# Information on Front Range Road Races



## Pablo (Jul 7, 2004)

Now that I no longer live in Boulder, I'm finding it harder to figure out when and where future races are. 

Does anyone have any websites or other resources to help me plan out my excuses for not racing?


----------



## shongalola (Nov 2, 2005)

www.americancycling.org


----------



## SlowBikeRacer (Nov 7, 2005)

http://www.cyclingevents.com/RaceCalendars/ColoradoCalendar2007.aspx


----------



## johngfoster (Jan 14, 2005)

Assuming you have a USA Cycling racing licence, log in on www.usacycling.org and it should list all the local races in the next few months on the right side of the page.


----------



## fleck (Mar 25, 2005)

johngfoster said:


> Assuming you have a USA Cycling racing licence, log in on www.usacycling.org and it should list all the local races in the next few months on the right side of the page.

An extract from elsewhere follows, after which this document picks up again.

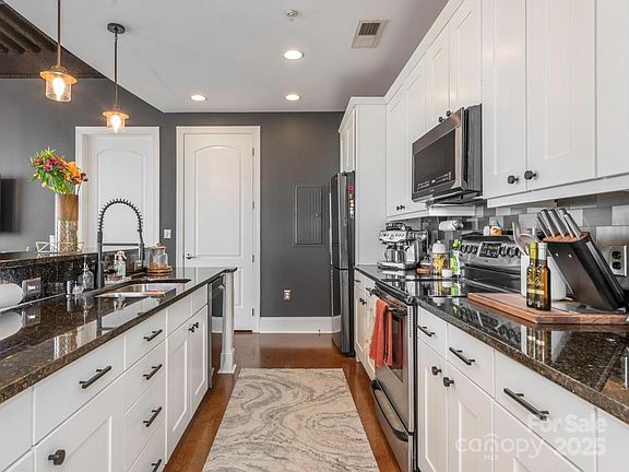 Don't miss out on this immaculate top floor condo in Villa Heights. Minutes to everything that makes CLT GREAT- Cordelia Park/XCLT, Optimist Hall, NoDa, Plaza Midwood, Light Rail, Uptown and so much more that this location offers! Combining modern comforts and a chic industrial vibe with soaring ceilings and exposed ductwork. There are oversized windows to ensure plenty of natural light. One assigned parking spot convenient to the lobby and plenty of unassigned spots! This open concept living and dining space has access to the balcony where you can take in the beautiful views of the city. A well-equipped kitchen features granite countertops, soft close cabinetry, updated black SS appliances including a 39 db dishwasher, microwave, and quad zone fridge, a breakfast bar and plenty of storage to make cooking a joy. Features 2 balconies, 2 large BR's with custom WIC, advanced wired surround sound, August smart door, Nest thermostat, upgraded fans w/remotes, and remodeled bathrooms! Trash chute on each floor for convenient trash removal. Cats & dogs allowed. Two pet max. Additional Storage closet in hallway next to the unit. No phone calls or emails. Communication through Zillow only. Owner pays for water/HOA fee. Tenant pays electric and internet/cable. Deposit equal to one month's rent required at lease signing. 2 pet max.

Except he was asking about racing in CO. There might be 1 or 2 USCF races in the state that aren't hosted by a university... the rest are at the above link www.americancycling.org
the ACA is the old BRAC for the OP...

good sources in the state:
www.americancycling.org
www.dbcevents.com
www.boulderracing.com
www.coloradousac.org/road/
http://cyclingevents.com/

and the local arguing forum
www.tetoncycling.com

fitness testing/ bike fits etc:
http://icphbalance.com/
http://www.bch.org/sportsmedicine/


----------